DATA SECTION =>
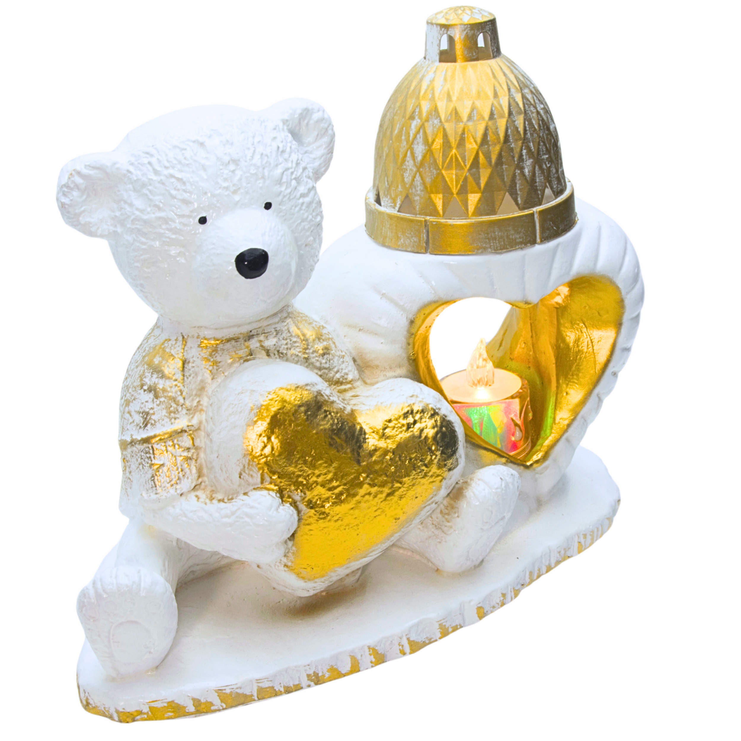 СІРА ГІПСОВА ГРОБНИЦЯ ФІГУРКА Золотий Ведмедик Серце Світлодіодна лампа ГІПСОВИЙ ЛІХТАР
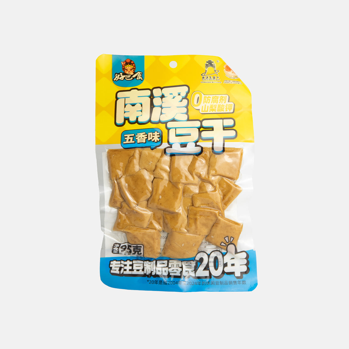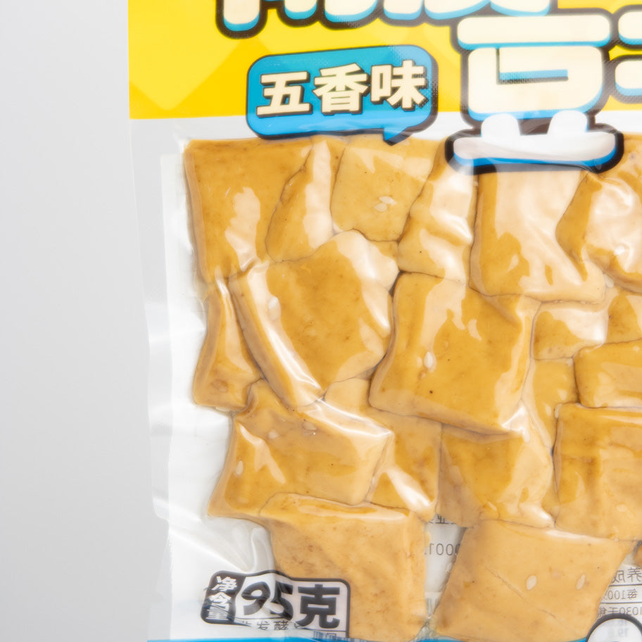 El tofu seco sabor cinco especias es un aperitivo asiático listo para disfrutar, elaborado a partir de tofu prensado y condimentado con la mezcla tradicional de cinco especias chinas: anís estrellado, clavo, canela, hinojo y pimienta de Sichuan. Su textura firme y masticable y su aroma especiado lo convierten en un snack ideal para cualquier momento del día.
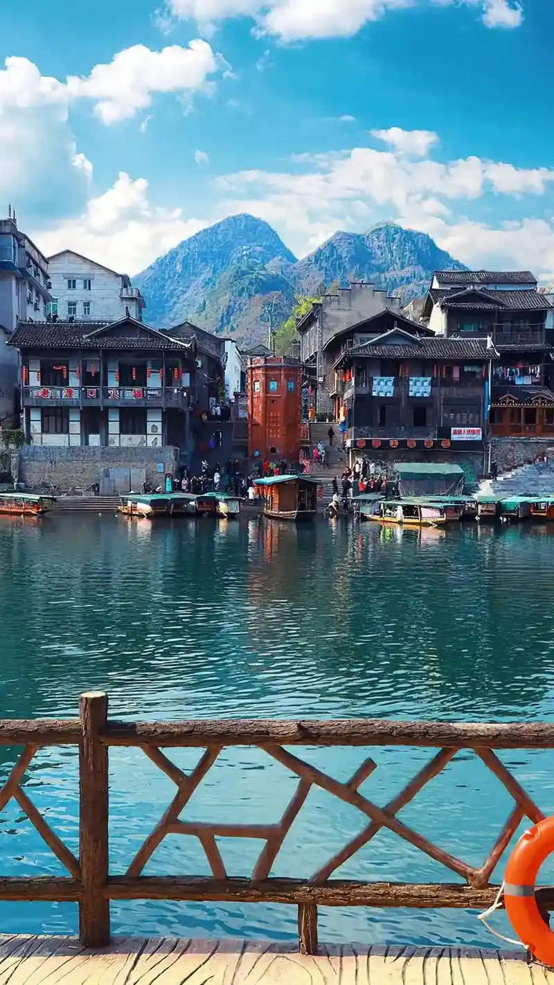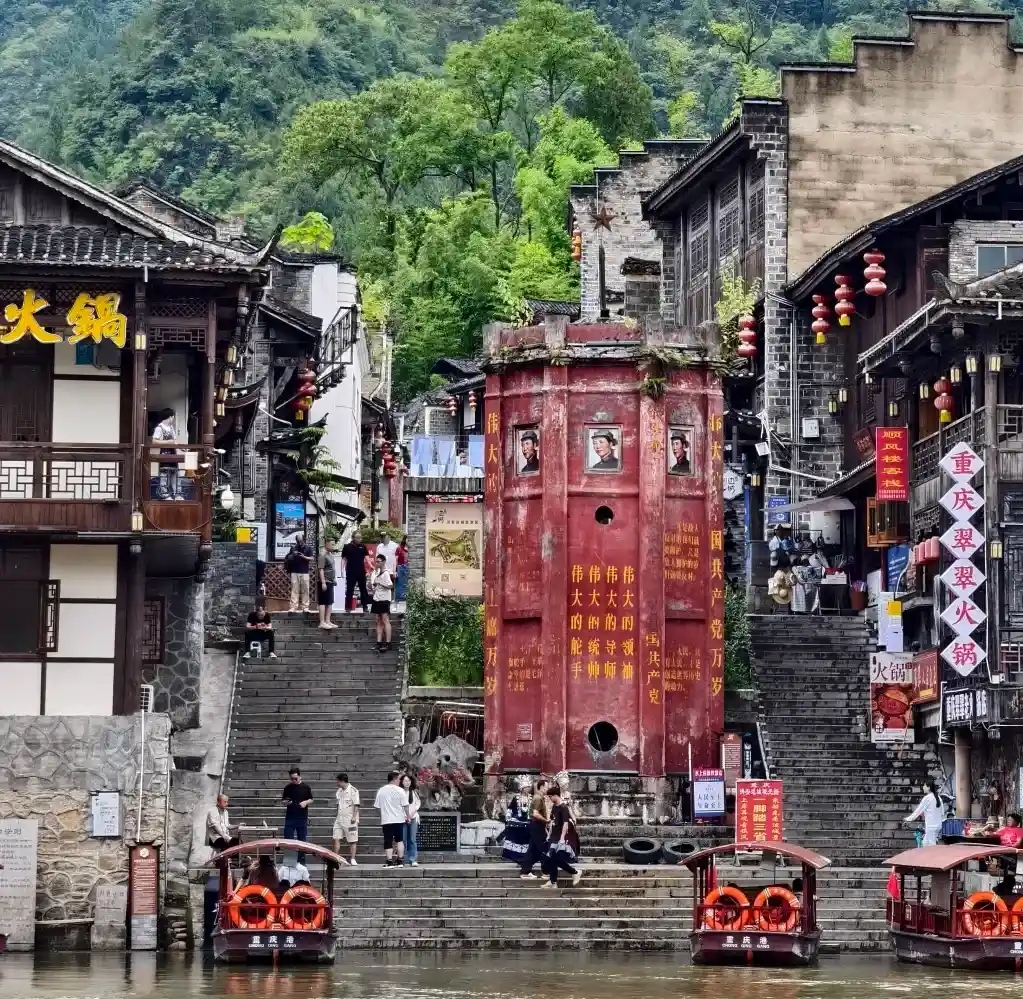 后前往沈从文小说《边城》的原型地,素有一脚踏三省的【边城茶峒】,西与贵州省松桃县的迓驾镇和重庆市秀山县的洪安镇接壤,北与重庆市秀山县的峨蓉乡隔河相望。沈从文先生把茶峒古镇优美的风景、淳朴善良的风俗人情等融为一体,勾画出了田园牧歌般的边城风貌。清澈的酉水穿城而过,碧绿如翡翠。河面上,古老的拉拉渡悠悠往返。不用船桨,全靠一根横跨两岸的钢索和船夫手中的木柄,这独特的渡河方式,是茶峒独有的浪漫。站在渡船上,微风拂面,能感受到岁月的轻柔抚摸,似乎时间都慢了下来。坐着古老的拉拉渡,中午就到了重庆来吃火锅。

DIRECTIONS =>
Keep every word of the material exactly as given. Drop the pictures.

TASK OUTPUT =>
 СІРА ГІПСОВА ГРОБНИЦЯ ФІГУРКА Золотий Ведмедик Серце Світлодіодна лампа ГІПСОВИЙ ЛІХТАР
 El tofu seco sabor cinco especias es un aperitivo asiático listo para disfrutar, elaborado a partir de tofu prensado y condimentado con la mezcla tradicional de cinco especias chinas: anís estrellado, clavo, canela, hinojo y pimienta de Sichuan. Su textura firme y masticable y su aroma especiado lo convierten en un snack ideal para cualquier momento del día.
 后前往沈从文小说《边城》的原型地,素有一脚踏三省的【边城茶峒】,西与贵州省松桃县的迓驾镇和重庆市秀山县的洪安镇接壤,北与重庆市秀山县的峨蓉乡隔河相望。沈从文先生把茶峒古镇优美的风景、淳朴善良的风俗人情等融为一体,勾画出了田园牧歌般的边城风貌。清澈的酉水穿城而过,碧绿如翡翠。河面上,古老的拉拉渡悠悠往返。不用船桨,全靠一根横跨两岸的钢索和船夫手中的木柄,这独特的渡河方式,是茶峒独有的浪漫。站在渡船上,微风拂面,能感受到岁月的轻柔抚摸,似乎时间都慢了下来。坐着古老的拉拉渡,中午就到了重庆来吃火锅。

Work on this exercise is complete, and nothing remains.